GLASSES will be raised and fingers uncrossed if the deal to buy the troublesome Courthouse Hotel goes through for its owners who have their share of disappointments.

The Courthouse Hotel at Southport.
The Courthouse Hotel at Southport.

HANS Torv, who can include “former publican’’ on his resume, may soon have reason to raise a glass and say Cheers! – and perhaps then add: Good riddance.

The Hot Tomato radio station boss has a buyer in tow for his troublesome pub with no beer, the idle Courthouse Hotel in Southport.

Hans Torv at the Courthouse Hotel. Picture: Mike Batterham
Hans Torv at the Courthouse Hotel. Picture: Mike Batterham

He no doubt has his fingers crossed that the deal, which is unconditional, gets across the line after two previous disappointments, one as bitter as a slice of gin-and-tonic lemon.

Wraps are being kept on just who the party is that will hand over a cheque for the Courthouse, and on the size of the cheque.

One suggestion is that it is an Asian buyer keen to capitalise on the hotel’s prominent main-street position at the edge of Southport’s Chinatown precinct.

It seems almost certain that the building will not resume life as a hotel.

The sale also apparently is one that involves solely the property and not the poker machines that formerly supplemented the Courthouse’s revenue. The 30 pokie licences, believed to be worth around $2 million, have been sold.

The Courthouse Hotel.
The Courthouse Hotel.

Former Sydney disc jockey Hans and sister Anna, at one time Mrs Rupert Murdoch, own the hotel via their Clipper Property Group, which bought it for $5 million 11 years ago.

They closed the doors on the venerable hotel in 2015 after the first “sale’’ failed to proceed on the day of settlement.
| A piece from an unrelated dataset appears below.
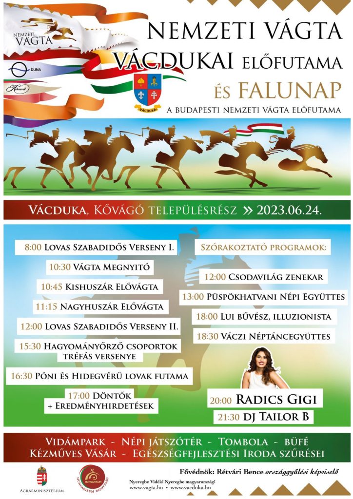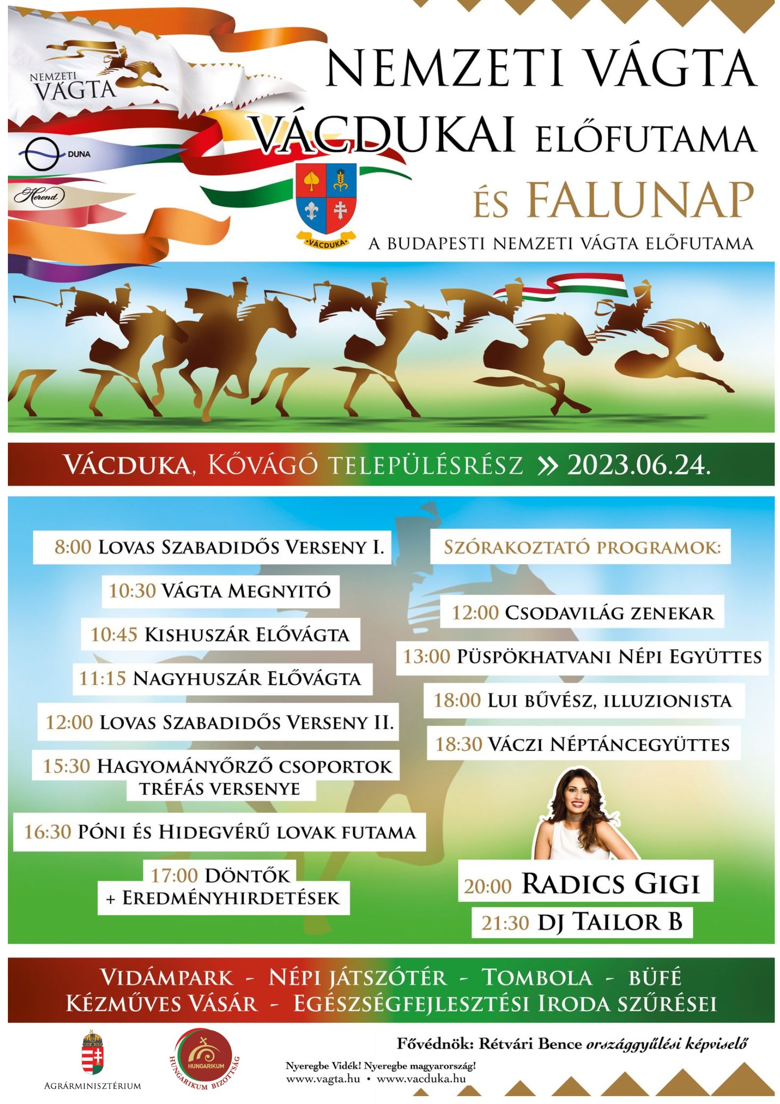 Sok szeretettel várunk minden kedves érdeklődőt 2023. június 24-én tartandó Nemzeti Vágta Vácdukai Előfutamára és Falunapra.

The “buyer’’, Brisbane’s ­Anthony Moreton group, had signed up for the property in 2014 and spruiked plans for a residential tower and an upgraded hotel on what is one of the most prominent corners in Southport.

Hans summed up his feelings over the failed deal by saying: “To default on a contract in the final hours, not show up at settlement, and leave staff in limbo is something we would not do.”

Hans Torv looks out at Southport from the Courthouse Hotel. Picture Mike Batterham
Hans Torv looks out at Southport from the Courthouse Hotel. Picture Mike Batterham

During later efforts to sell the Courthouse, Tamworth’s Pub Group apparently was on the verge of committing to a deal when a health issue with a pub principal stymied the plan.

Life at the Courthouse was not always a case of swimming upstream for Hans and his sister, who spent $1 million or so on the property after buying it.

It traded profitably for some time until its turnover was derailed by work, outside the front door, on the city’s tram system.

While Hans was nursing the hotel through that problem, the Gold Coast Hospital closed and visits to the bar from some of its 2500 staff ceased.

The future of the Courthouse is unclear but one suggestion is that the buyer wants to have shops at street level and perhaps backpacker rooms on the first floor.

Frederick Fass, who opened the hotel as the Queen’s Arm’s in 1885, surely would be bemused by such a transformation.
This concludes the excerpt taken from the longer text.